As the selective service stands now, there would not be deferrements for education if the draft were reinstated.
 
By the time I had reached the age where I could be drafted during the Vietnam War, the college deferment had (as I understood it) been abolished. It was replaced with a lottery system. Regardless of race, creed, or educational situation, if your number came up in the lottery, you were going to be drafted.

This is what I found on the web that seems to back up my above statement:
Before Congress made improvements to the draft in 1971, a man could qualify for a student deferment if he could show he was a full-time student making satisfactory progress toward a degree.

Under the current draft law, a college student can have his induction postponed only until the end of the current semester. A senior can be postponed until the end of the academic year.
 

By the time I had reached the age where I could be drafted during the Vietnam War, the college deferment had (as I understood it) been abolished.

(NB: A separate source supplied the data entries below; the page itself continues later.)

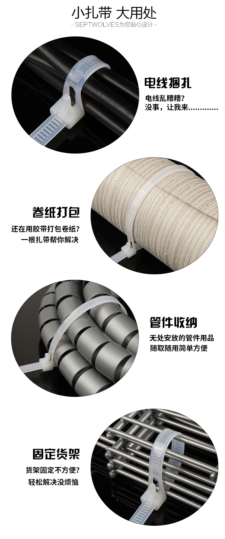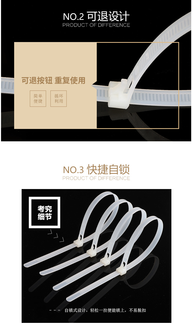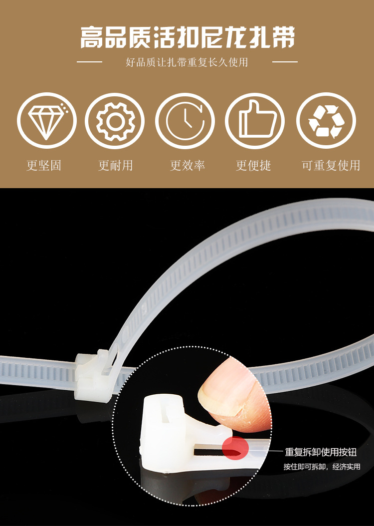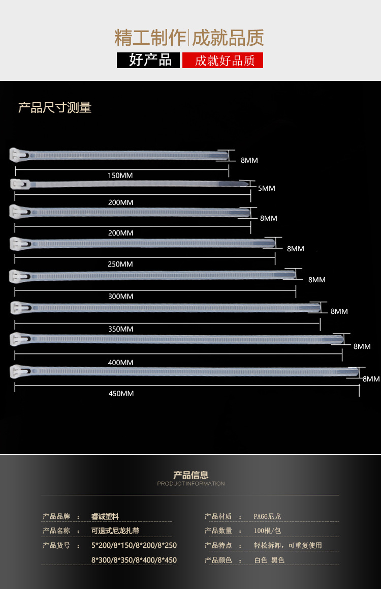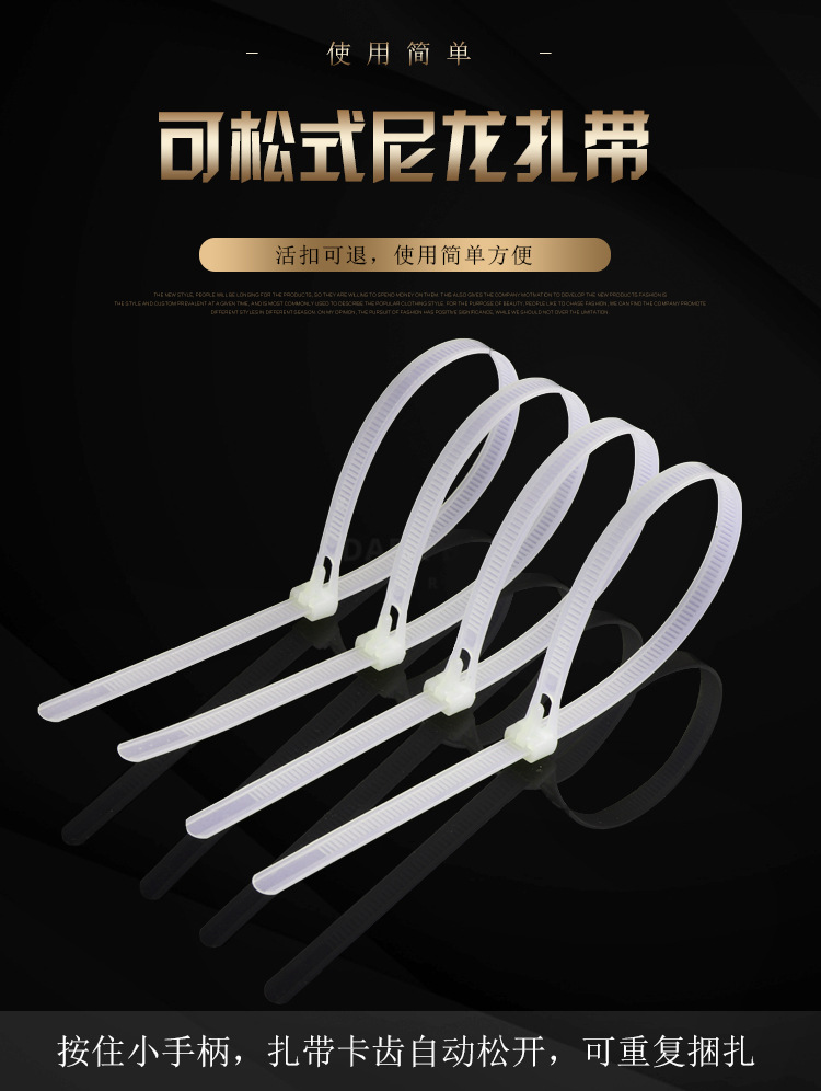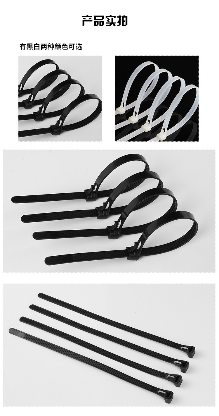 | Specifications and models | Black; adjustable buckle 5*200/100 pieces,Black; adjustable buckle 8*150mm / 100 pieces,Black; adjustable buckle 8*200/100 pieces,Black; adjustable buckle 8*250mm / 100 pieces,Black; adjustable buckle 8*300/100 pieces,Black; adjustable buckle 8*350/100 pieces,Black; adjustable buckle 8*400/100 pieces,Black; adjustable buckle 8*450/100 pieces,Black; adjustable buckle 8*500/100 pieces,Black; adjustable buckle 8*600/100 pieces,White; adjustable buckle 5*200/100 pieces,White; adjustable buckle 8*150mm / 100 pieces,White; adjustable buckle 8*200/100 pieces,White; buckle 8*250*/100 pieces,White; adjustable buckle 8*300/100 pieces,White; adjustable buckle 8*350/100 pieces,White; adjustable buckle 8*400/100 pieces,White; adjustable buckle 8*450/100 pieces,White; buckle 8*500/100 pieces,White; buckle 8*600/100 pieces |
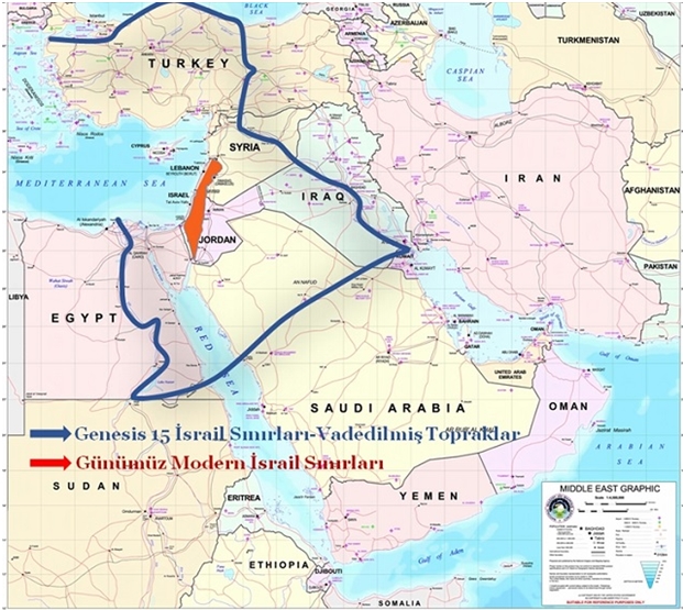 Tevrat ve Zebur olarak adlandırılan Eski Ahit’e göre Yahudiler, Arz-ı Mev’ud kavramına inanmaktadır. Vaat Edilmiş Topraklar anlamına gelen bu kavrama göre Mısır’ın Nil nehri ile Türkiye’nin Fırat nehri arasında kalan topraklar inanışa göre Yahudilere aittir. Siyonist Yahudiler ve onların bir eseri olan İsrail Devleti, inanış gereği bu toprakların peşinde.
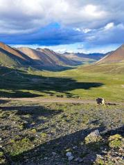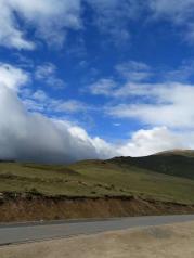 安久拉山垭口十分平缓。站在安久拉山垭口举目四望,到处都是一块接一块的草地,草地与草地之间是小小的积水潭,当地人称为海子。垭口十分平静,没有寒风呼啸,远处的雪山在云层之中若隐若现,而下坡的汽车也渐渐的消失在了路的尽头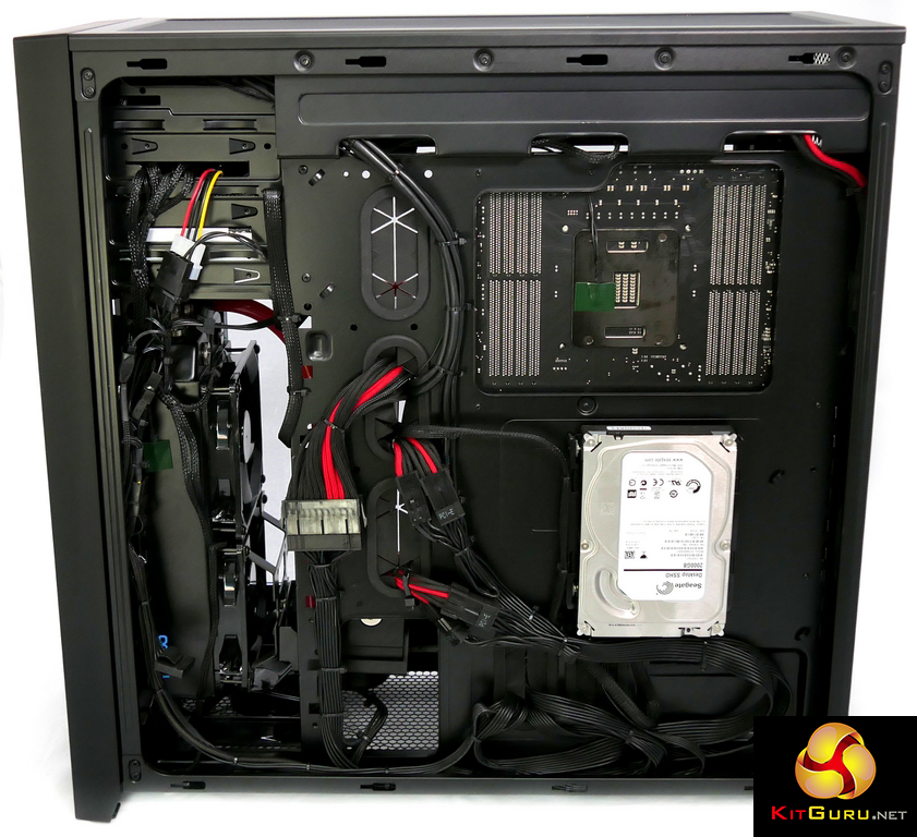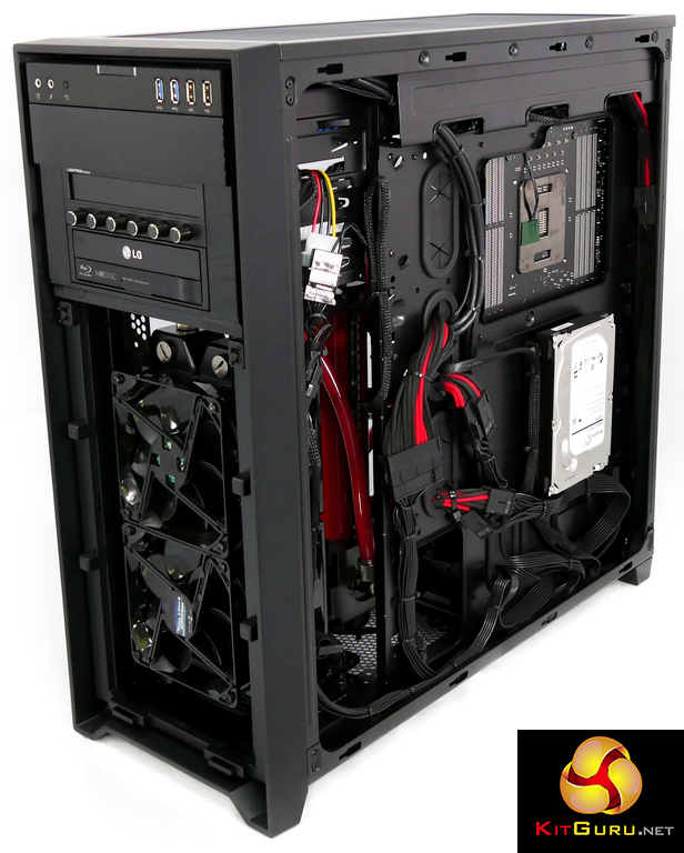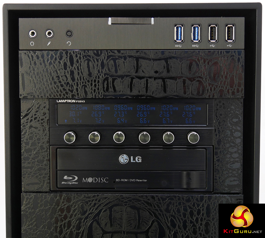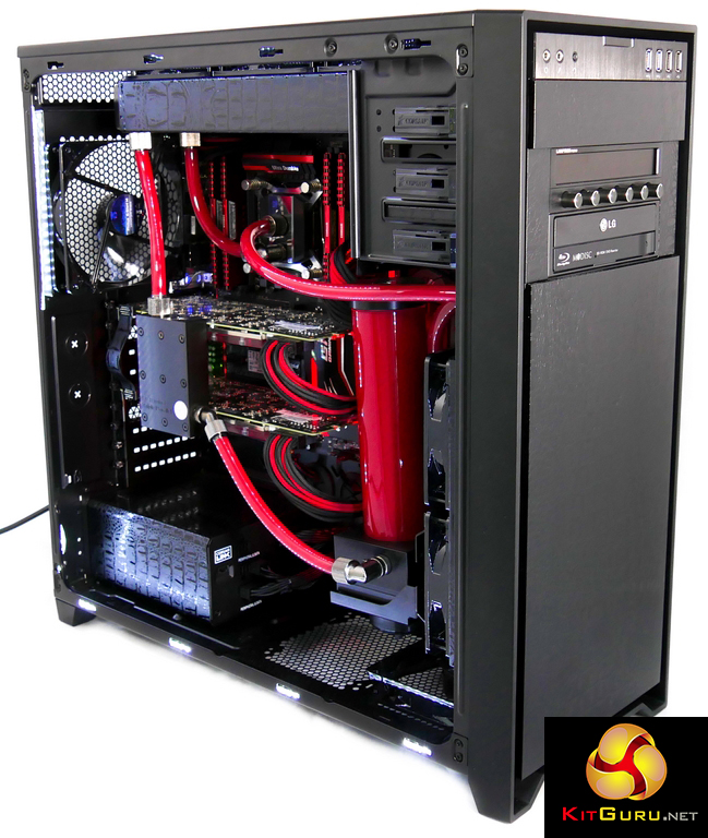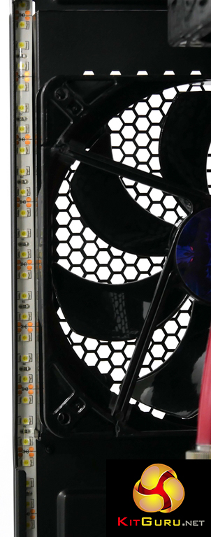 In total there are nine Phobya G-Silent fans, each rated at 1,600rpm but slowed below 1,000rpm by the Lamptron FCF v3 fan controller that is located in an optical drive bay. Eight 120mm fans are arranged with four on the 240mm radiator in push/pull, three on the top radiator, one in the floor of the case below the front radiator and a single, larger, 140mm fan at the rear of the case.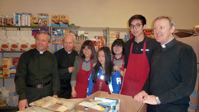 The Priests were given a full tour of the facility by manager Bill Riley, who explained that some 2000 people are serviced each week through the twice-weekly hot meals and foodstuffs given to families. Father Eugene, Father Martin and Father David chatted with many of the volunteers, including students from Holy Name High School. Some of the students were on exchange from China.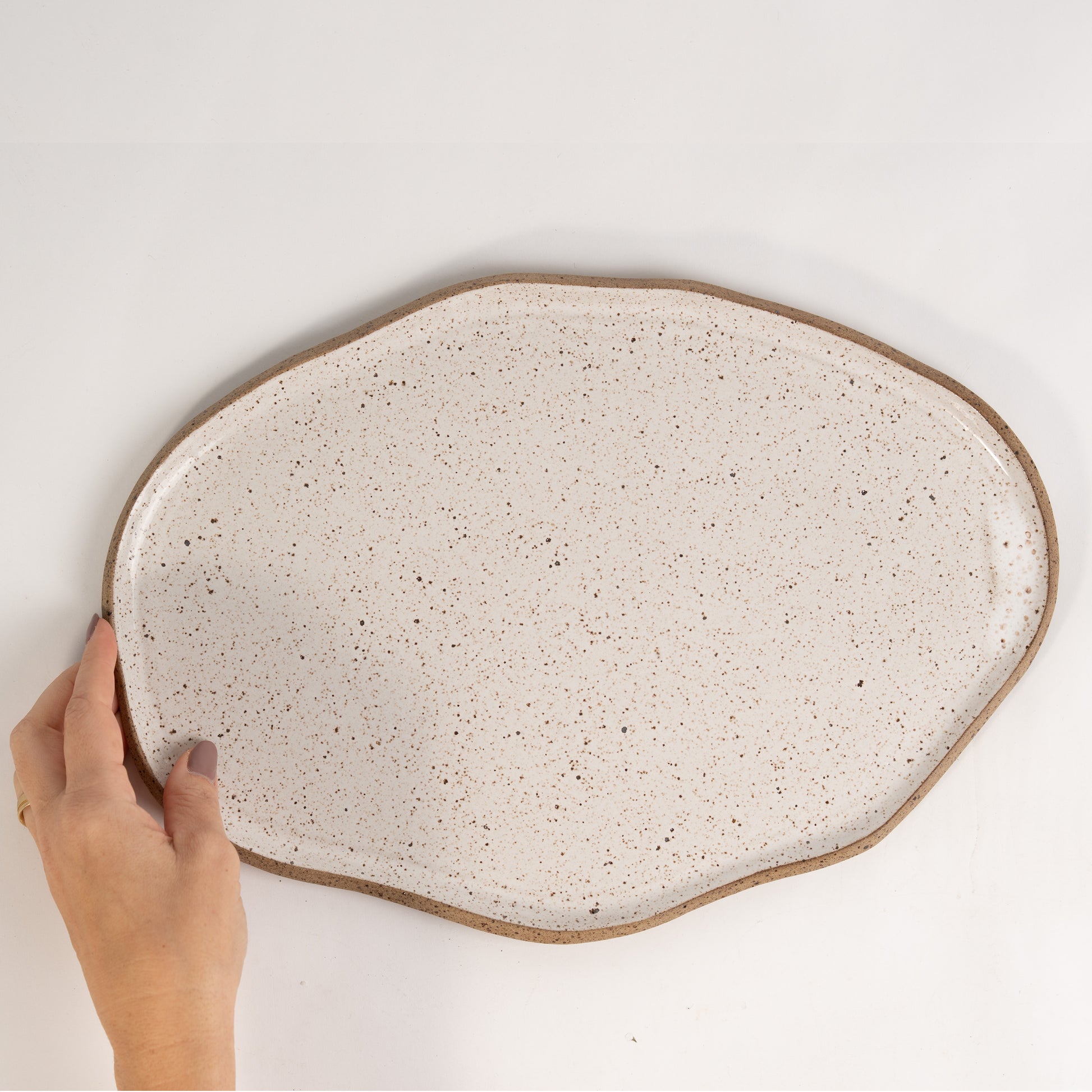 Feita manualmente com argilas de alta qualidade, sua forma retangular com bordas orgânicas permite usos diversos: servir petiscos, apoiar objetos decorativos ou compor uma mesa posta com personalidade. Cada peça é única, com variações naturais de cor, textura e forma.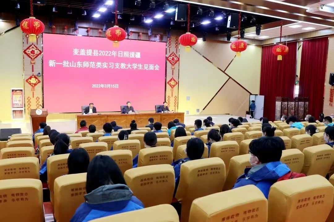 3月15日上午,麦盖提县2022年日照援疆新一批山东师范类实习支教大学生见面会于麦盖提县第四中学学术报告厅隆重召开,7003全讯白菜网援疆实习支教团全体师生参加会议,此次会议也标志着全讯白菜官网选派的59名实习支教大学生肩负使命,正式走上工作岗位。麦盖提县委副书记、日照援疆指挥部党委书记、指挥谢霁晓出席并讲话,县委常委、组织部部长杨青仓致欢迎辞并介绍了麦盖提县的基本情况和教育发展情况,县政协党组成员、教育局局长玉苏甫•买合苏提主持。

It was replaced with a lottery system. Regardless of race, creed, or educational situation, if your number came up in the lottery, you were going to be drafted.

This is what I found on the web that seems to back up my above statement:

That's the way I remember it too. My number was 278. They never made it that far.


More than a few guys I knew in college had already been to Vietnam and were doing college afterwards. There were those that legitimately walked around campus with an old "Army jacket" and those that bought them at the DAV hoping to pass themselves off as having been to Vietnam......
 
Well the college I went to ahd a majority of "poor and blacks". It was great diverse school! So tell her not to worry, even "poor and blacks" get to college now...
 
Good to know. A true lottery, with no deferments at all, is the only way I see this as being both fair and benificial to our country.
 
This was true during Vietnam, but you did have to maintain certain grades or academic progress.

I had a professor who was in his 80s and just still teaching for something to do. He had once been the dean of students and had to tell a kid he was required by law to report his bad grades to the government. The kid begged him not to, saying he knew he would die in Vietnam. Sadly, the student was correct, and as of 2001 that professor was still going to visit his grave.

I'm probably oversharing as a response to your question, but obviously that story really stuck with me.


That's a sad story, and I'm sure the professor still feels bad about the situation he was stuck in. BUT, if the threat of being sent to Vietnam to fight in a war wasn't enough to make this student get good grades (whether with a tutor or whatever), then honestly he probably wouldn't have graduated from college and was just there to try and dodge the draft. JMHO.
 
That's the way I remember it too. My number was 278. They never made it that far.

Mine was 361. I had a friend in college whose lottery number was 2. But the draft was abolished before he was called up.
 
I started college in 1969. At the time, a college deferment was a 2-S, and a high school deferment (yes, some high school students were over 18, and therefore susceptible) was a 2-HS. The lottery started in October or November of 1969. (I was in rehearsal for a play, and we kept yelling the numbers out.) I was not eligible that year, but the next year I was 195. I was told that the draft would not go above 180, so I should turn in my 2-S, and stay 1-A for a year, at which time, I would be given a (I think) 1-Y. My draft board gave me the 1-Y before I could do this.

I went to a state school, and there were plenty of blacks and plenty of poor people, and we could all get deferments. It stopped later.